L'histoire :
En plein cœur des tranchées, deux soldats allemands observent le champ de bataille couvert de barbelés. Ils sont de garde, perdus au milieu de ce no mans land lunaire. Ils parlent d’une rumeur qui se répand dans les lignes, celle d’un officier qui se baladerai entre les lignes, dans ce grand rien. Il semblerait qu’il porte un uniforme allemand et que plusieurs fois, les tirs ennemis ne lui ont rien fait. Ce ne peut être qu’un mirage dans un désert de sable comme en Afrique. Ici, pourtant, ce n’est que boue et eau. Une pluie incessante qui transforme le terrain flaques boueuses, dans lesquelles les rats viennent s’abreuver. Les deux soldats se plaignent inlassablement des conditions de vie dans ces tranchées. Le seul qui reste impassible dans cet univers de mort, c’est un corbeau noir. Il observe le champ de bataille et la misère dans laquelle les hommes se sont mis. Un des soldats ne le supporte plus. Il arme son épaule prêt à en découdre avec le freux. Il le vise, bien décider à descendre cet oiseau de malheur. Otto fait feu, certain de l’avoir touché. Quelques secondes plus tard, les deux soldats entendent un croassement altier…

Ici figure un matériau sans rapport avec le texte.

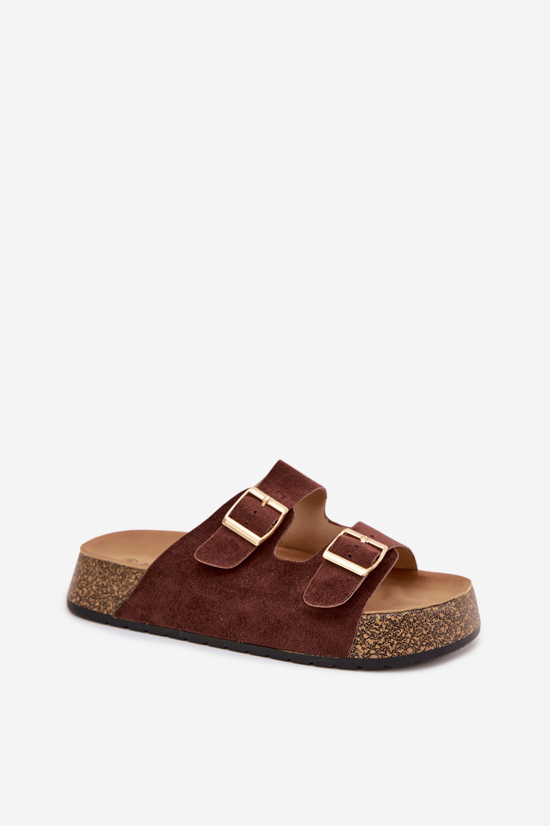 Bruine damesplatformslippers met gouden gespen „Tovessa"

Ce qu'on en pense sur la planète BD :
Illustrateur taphophile (qui a la passion des cimetières), Tony Zwald présente un récit en noir et blanc qui nous ramène durant la première guerre mondiale, au cœur des tranchées et dans la tête des soldats des Sturmtruppen allemand. Dans l'atmosphère désolée complètement lunaire du champ de bataille, on suit le quotidien de soldats allemands qui se laissent prendre chacun leur tour par la folie. Une démence logique due aux conditions dantesques de l'environnement hostile. Seul le corbeau noir, aussi appelé « le freux », semble se sentir dans son élément. Pour retranscrire cet univers morbide et décharné, Tony Zwald use d’un dessin au noir et blanc charbonneux, accordant la dimension sépulcrale. Il ajoute à cela un contexte psychologique angoissant. La psyché du soldat est mise à rude épreuve dans ce contexte de guerre effroyable. La folie se mélange au quotidien et la mort guette à chaque rangée de barbelés dans ce lieu maudit que sont les tranchées. La mort est ici associée au freux, ce corbeau noir que l’on peut interpréter comme l'émissaire de la faucheuse.